*WHAT YOU WILL DO*
Word for word, reproduce the records, keeping none of the pictures.

*SUPPLIED RECORDS*
****************************************

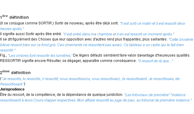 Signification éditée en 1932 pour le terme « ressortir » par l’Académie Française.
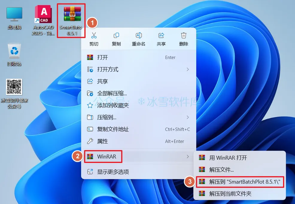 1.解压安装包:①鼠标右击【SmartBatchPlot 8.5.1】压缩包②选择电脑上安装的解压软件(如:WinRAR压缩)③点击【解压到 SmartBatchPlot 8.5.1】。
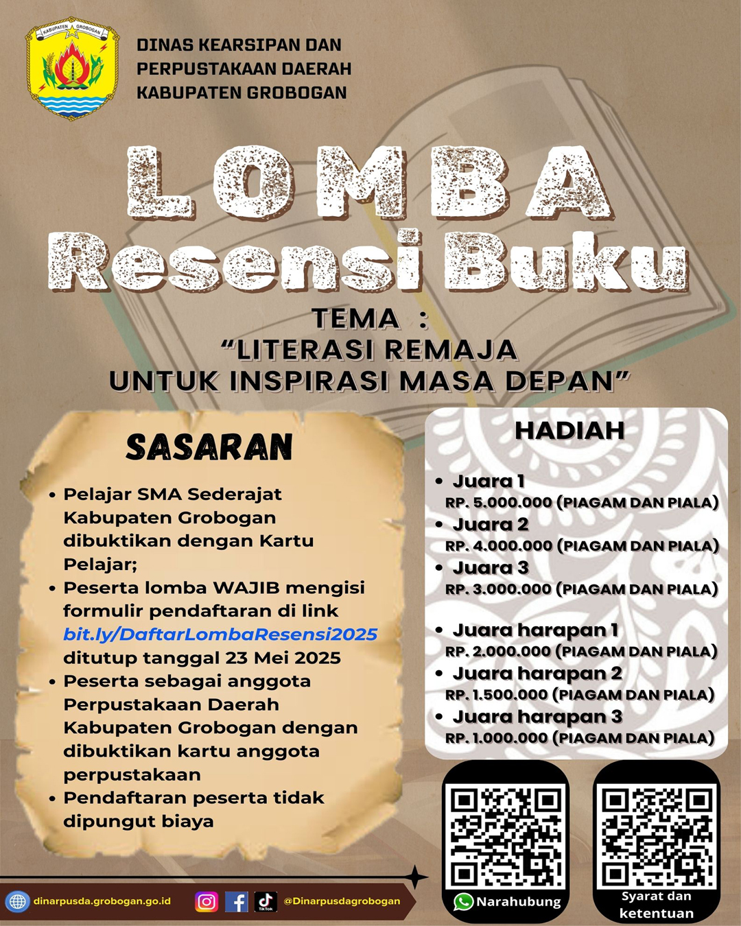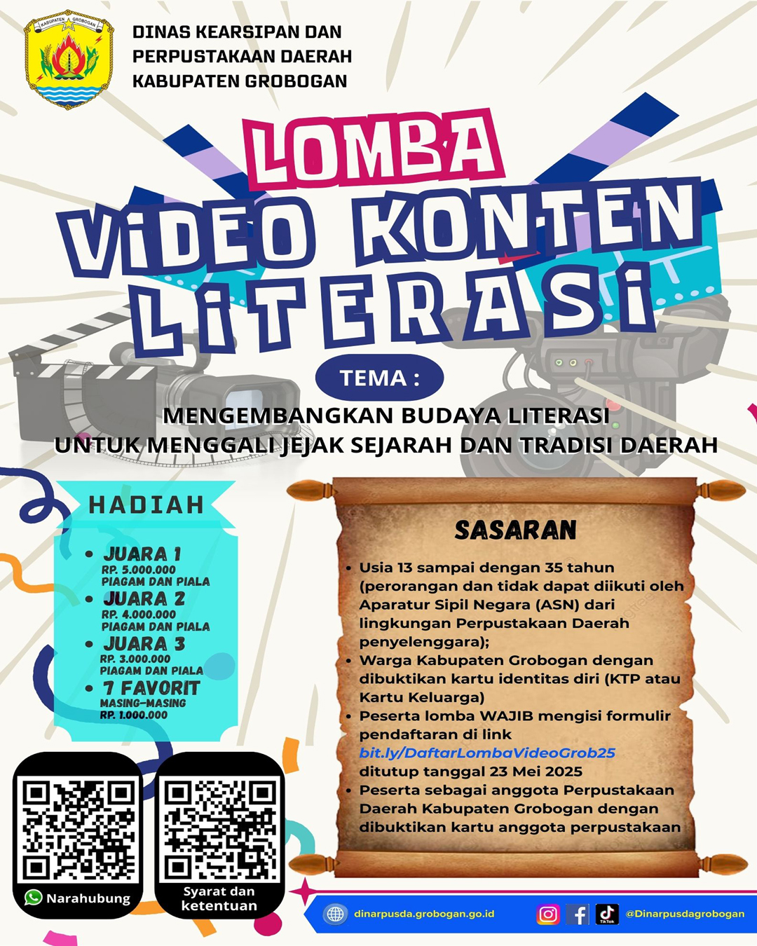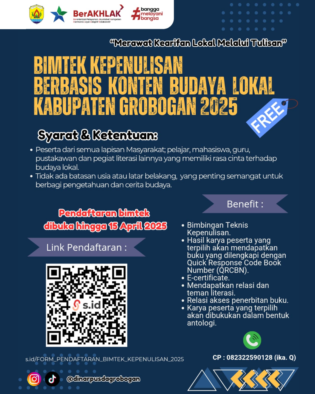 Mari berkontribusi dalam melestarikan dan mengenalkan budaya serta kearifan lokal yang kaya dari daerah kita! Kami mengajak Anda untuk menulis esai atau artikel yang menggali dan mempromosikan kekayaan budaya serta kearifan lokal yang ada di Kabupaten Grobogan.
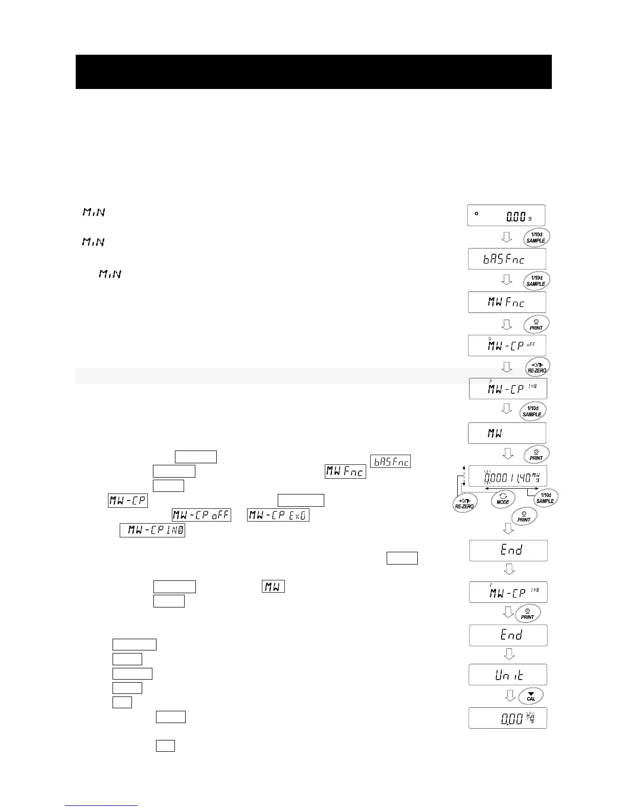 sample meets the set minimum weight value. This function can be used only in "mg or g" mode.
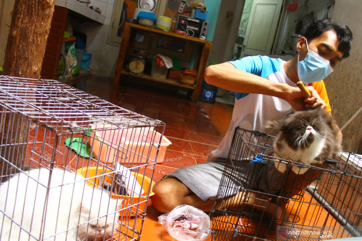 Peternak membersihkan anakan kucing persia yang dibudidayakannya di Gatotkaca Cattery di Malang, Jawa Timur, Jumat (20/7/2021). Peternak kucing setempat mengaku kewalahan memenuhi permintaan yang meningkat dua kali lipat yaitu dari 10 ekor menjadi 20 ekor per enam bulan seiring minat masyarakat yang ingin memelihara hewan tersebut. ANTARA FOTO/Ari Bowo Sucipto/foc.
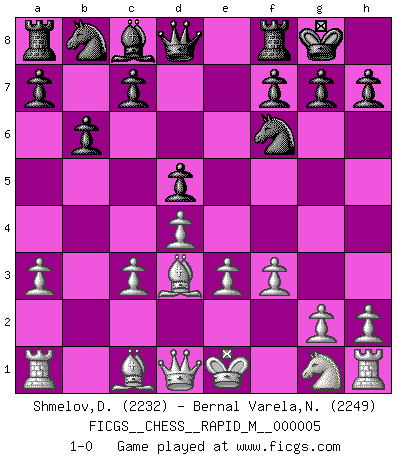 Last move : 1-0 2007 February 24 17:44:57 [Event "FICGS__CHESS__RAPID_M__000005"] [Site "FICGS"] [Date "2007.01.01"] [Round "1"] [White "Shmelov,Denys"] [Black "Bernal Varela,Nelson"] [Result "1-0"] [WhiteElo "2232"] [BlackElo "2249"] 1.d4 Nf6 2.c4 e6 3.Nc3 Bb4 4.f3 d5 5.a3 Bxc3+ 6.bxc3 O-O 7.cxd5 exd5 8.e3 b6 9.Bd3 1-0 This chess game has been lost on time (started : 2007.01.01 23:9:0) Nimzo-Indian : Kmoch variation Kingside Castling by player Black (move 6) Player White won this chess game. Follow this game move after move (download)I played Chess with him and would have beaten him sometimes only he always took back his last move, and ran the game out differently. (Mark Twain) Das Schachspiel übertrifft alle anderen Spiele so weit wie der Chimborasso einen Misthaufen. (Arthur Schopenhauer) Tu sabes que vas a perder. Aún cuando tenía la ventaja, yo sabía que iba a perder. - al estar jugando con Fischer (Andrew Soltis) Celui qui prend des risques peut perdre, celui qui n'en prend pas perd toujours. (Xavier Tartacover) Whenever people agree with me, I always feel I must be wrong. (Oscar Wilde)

****************************************

*RESPONSE FOR THIS EXERCISE*
 Signification éditée en 1932 pour le terme « ressortir » par l’Académie Française.
 1.解压安装包:①鼠标右击【SmartBatchPlot 8.5.1】压缩包②选择电脑上安装的解压软件(如:WinRAR压缩)③点击【解压到 SmartBatchPlot 8.5.1】。
 Mari berkontribusi dalam melestarikan dan mengenalkan budaya serta kearifan lokal yang kaya dari daerah kita! Kami mengajak Anda untuk menulis esai atau artikel yang menggali dan mempromosikan kekayaan budaya serta kearifan lokal yang ada di Kabupaten Grobogan.
 sample meets the set minimum weight value. This function can be used only in "mg or g" mode.
 Peternak membersihkan anakan kucing persia yang dibudidayakannya di Gatotkaca Cattery di Malang, Jawa Timur, Jumat (20/7/2021). Peternak kucing setempat mengaku kewalahan memenuhi permintaan yang meningkat dua kali lipat yaitu dari 10 ekor menjadi 20 ekor per enam bulan seiring minat masyarakat yang ingin memelihara hewan tersebut. ANTARA FOTO/Ari Bowo Sucipto/foc.
 Last move : 1-0 2007 February 24 17:44:57 [Event "FICGS__CHESS__RAPID_M__000005"] [Site "FICGS"] [Date "2007.01.01"] [Round "1"] [White "Shmelov,Denys"] [Black "Bernal Varela,Nelson"] [Result "1-0"] [WhiteElo "2232"] [BlackElo "2249"] 1.d4 Nf6 2.c4 e6 3.Nc3 Bb4 4.f3 d5 5.a3 Bxc3+ 6.bxc3 O-O 7.cxd5 exd5 8.e3 b6 9.Bd3 1-0 This chess game has been lost on time (started : 2007.01.01 23:9:0) Nimzo-Indian : Kmoch variation Kingside Castling by player Black (move 6) Player White won this chess game. Follow this game move after move (download)I played Chess with him and would have beaten him sometimes only he always took back his last move, and ran the game out differently. (Mark Twain) Das Schachspiel übertrifft alle anderen Spiele so weit wie der Chimborasso einen Misthaufen. (Arthur Schopenhauer) Tu sabes que vas a perder. Aún cuando tenía la ventaja, yo sabía que iba a perder. - al estar jugando con Fischer (Andrew Soltis) Celui qui prend des risques peut perdre, celui qui n'en prend pas perd toujours. (Xavier Tartacover) Whenever people agree with me, I always feel I must be wrong. (Oscar Wilde)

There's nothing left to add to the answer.